Kaunda was born in 1928 in Northern Rhodesia (now Zambia) to Church of Scotland missionaries and schoolteachers. His mother was the first African woman to teach in colonial Zambia. Kaunda followed in his parents’ footsteps and became a teacher in the 1940s, first in colonial Zambia and then in Tanganyika (now Tanzania).

Upon returning to Northern Rhodesia, Kaunda entered into politics as an adviser on African affairs to the colonial government. As Kaunda progressed in his political career, he frequently spoke out against the colonial regime. He staunchly opposed apartheid rule in Northern Rhodesia, in which minority whites ruled over black Africans and indigenous people suffered from discrimination and violence.

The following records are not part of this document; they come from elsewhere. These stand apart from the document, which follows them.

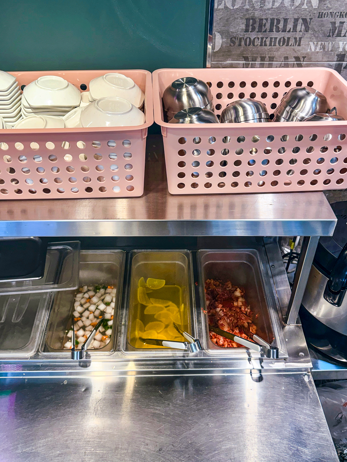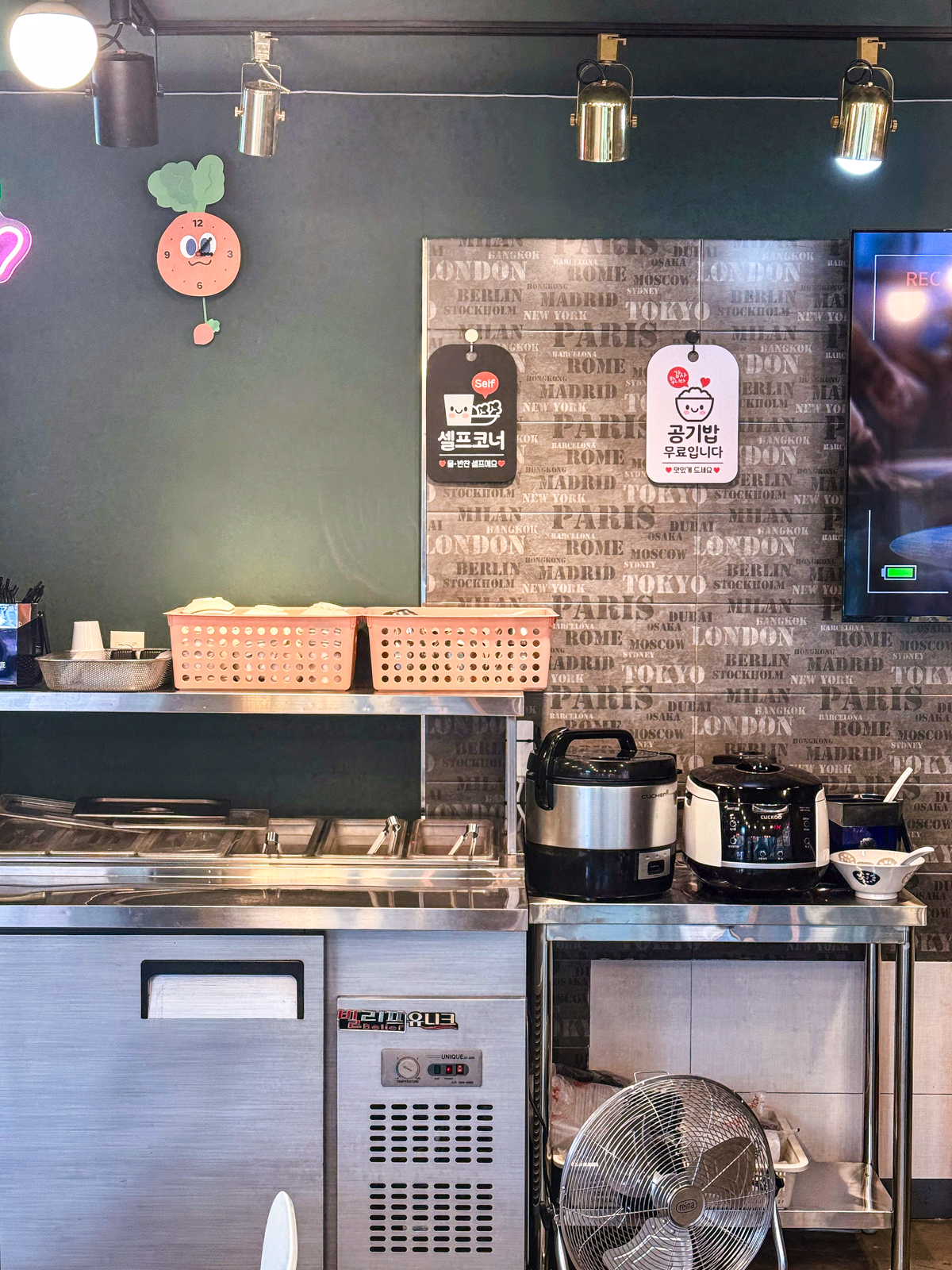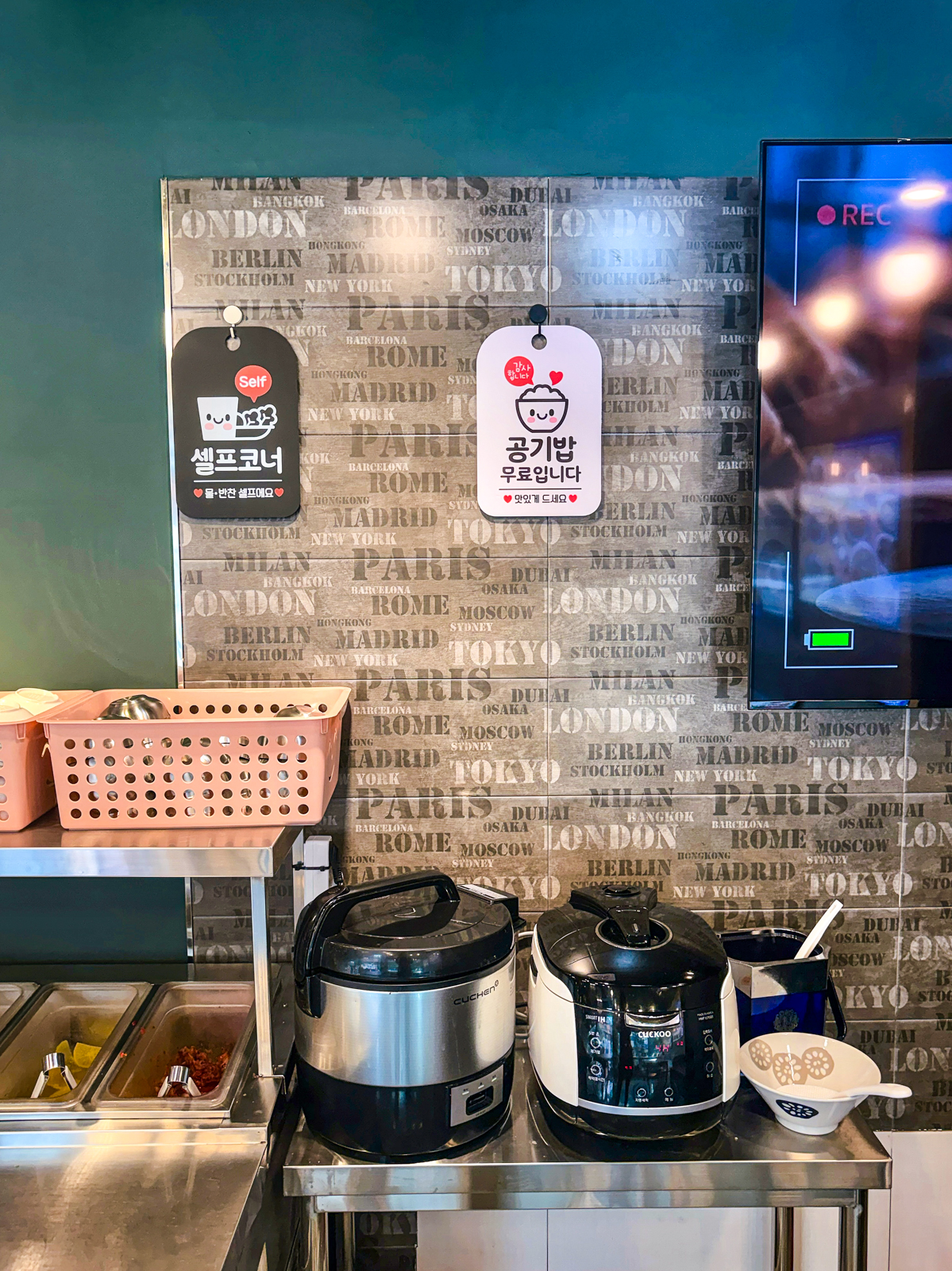 제주 노형 후난면가 헬로미식의 가장 큰 특징은 셀프코너로 치킨무, 단무지, 배추김치가 있었고 바로 옆에 있는 밥솥은 무제한으로 원하는 만큼 공기밥을 가져다가 먹을 수 있어 가성비 측면에서도 좋은 제주 쌀국수 맛집이었다.
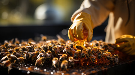 Honey farming and beekeeper with create. Generative AI
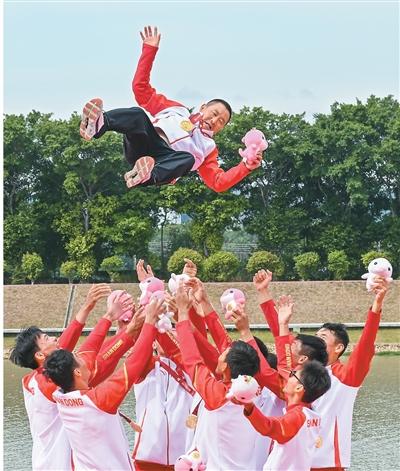 11月11日,在广州举行的第十五届全国运动会赛艇项目男子八人单桨有舵手决赛中,山东队获得冠军,湖北队获得亚军,江苏队获得季军。图为山东队选手将教练员抛向空中庆祝夺冠。新华社记者 肖恩楠摄
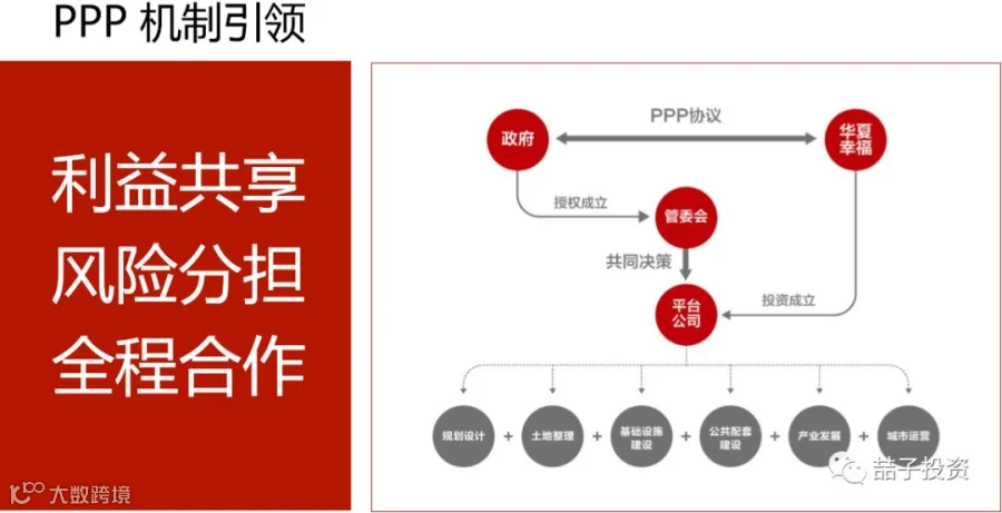 华夏幸福和地方政府签订的PPP协议中,开发面积少则几平方公里,多则上百平方公里,时间少则十几年,多则半个世纪。如果一个区域开发成功,那么后期能在很少投入的情况下源源不断的产生持续收入。可以这么理解,类似于种树,前期土地整理、施肥、浇水、打药等精心照顾,全是投入项,后期果树长大了,只需要简单照顾,每年就能源源不断地带来非常可观的收入。
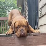Star and two other Dogue de Bordeaux lived outside. No dog house or kennel, just outside. Having only lived outdoors it was challenging to transition to living indoors and being part of a family. She has learned to walk on a leash and is crate and house trained. Star does not do well with other dogs. We do not know how she is with cats or small children. Star has anxiety and we have been working on her resource guarding.

The colonial government imprisoned Kaunda for his beliefs. However, upon his release in 1960, Kaunda became President of the United National Independence Party (UNIP), an anti-apartheid political party. As President of UNIP, Kaunda organized a civil disobedience campaign, inspired by Martin Luther King, Jr. after a visit to Atlanta, Georgia, in 1961. This campaign pushed Kaunda, UNIP, and the anti-apartheid movement to international prominence. In 1964, UNIP won major elections, and Kaunda became the first President of an independent Zambia.

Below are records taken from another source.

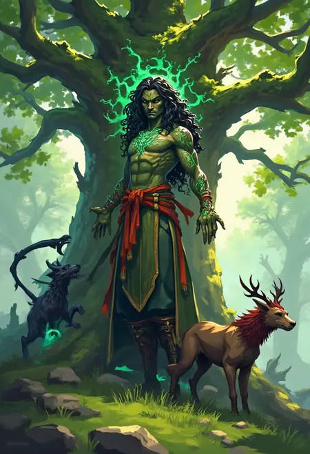 带有魔法元素的奇幻角色设计,一位与有意识巨树相连的德鲁伊,皮肤上布满树皮般的符文,在阳光斑驳的林间空地中召唤动物灵卫。
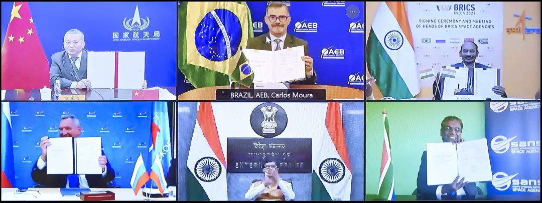 On August 18, 2021, the Agreement on BRICS Cooperation in the Remote Sensing Satellite Constellation was signed at the vedio meeting held between BRICS space agencies.
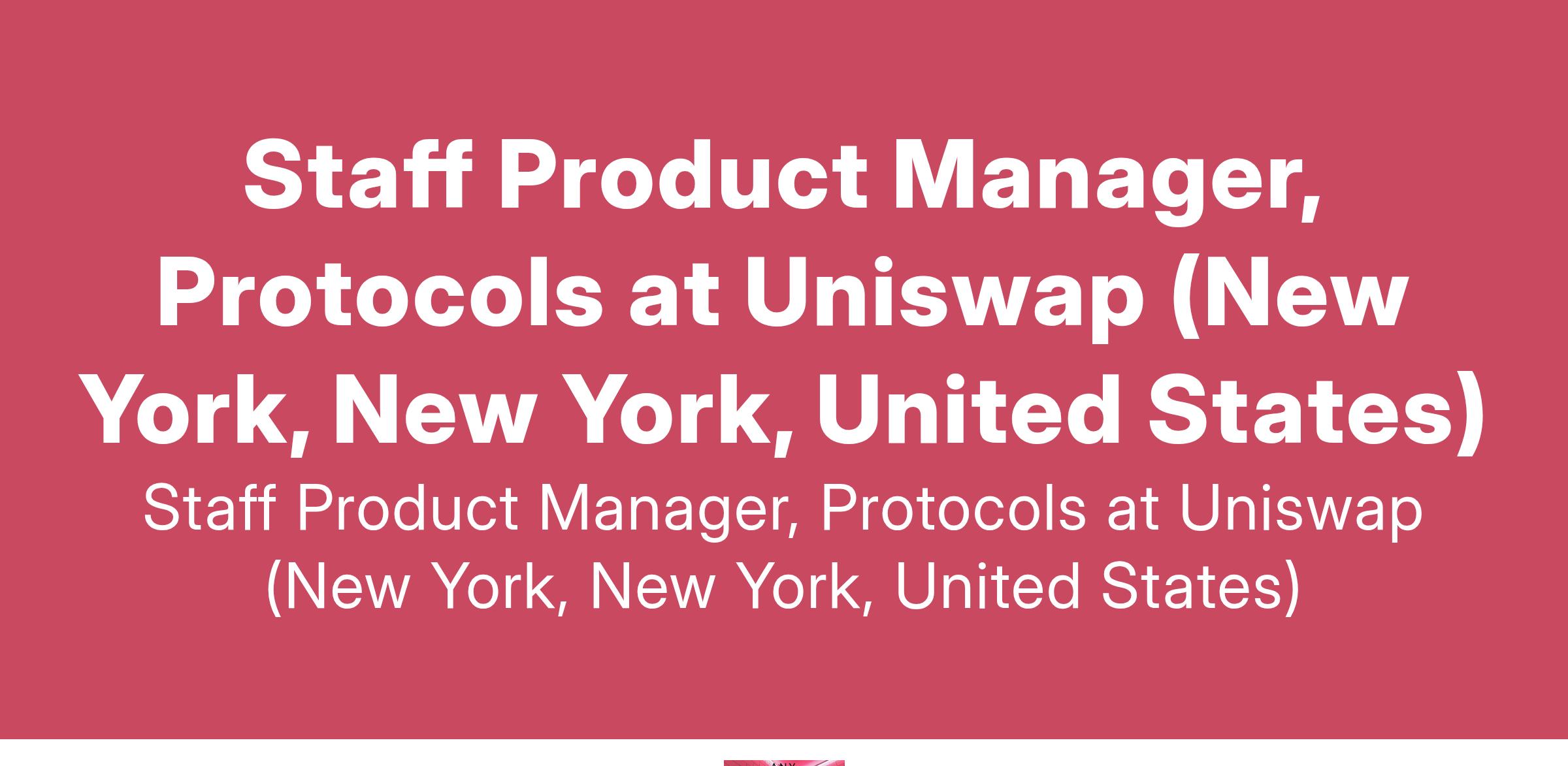 Staff Product Manager, Protocols at Uniswap (New York, New York, United States)

Newly-independent Zambia was rife with economic, educational, and social problems. Many of Kaunda’s decisions as President were controversial, arguably extending from Zambia’s unique political climate. However, it is clear that Kaunda tried to improve Zambia from its segregated, colonial predecessor into a country where all individuals are treated equally. Even the smallest improvements were important to Kaunda, who stated:

The moment you have protected an individual, you have protected society.

Modern Zambia is not perfect, but it has come a long way since being under apartheid. This is in large part thanks to President Kaunda.

Kaunda continued to fight for progress in Africa after his presidency. In the early 2000s, Kaunda joined with other former African presidents and the United Nations to fight the HIV/AIDS epidemic in Africa and to support efforts of poverty alleviation across the continent.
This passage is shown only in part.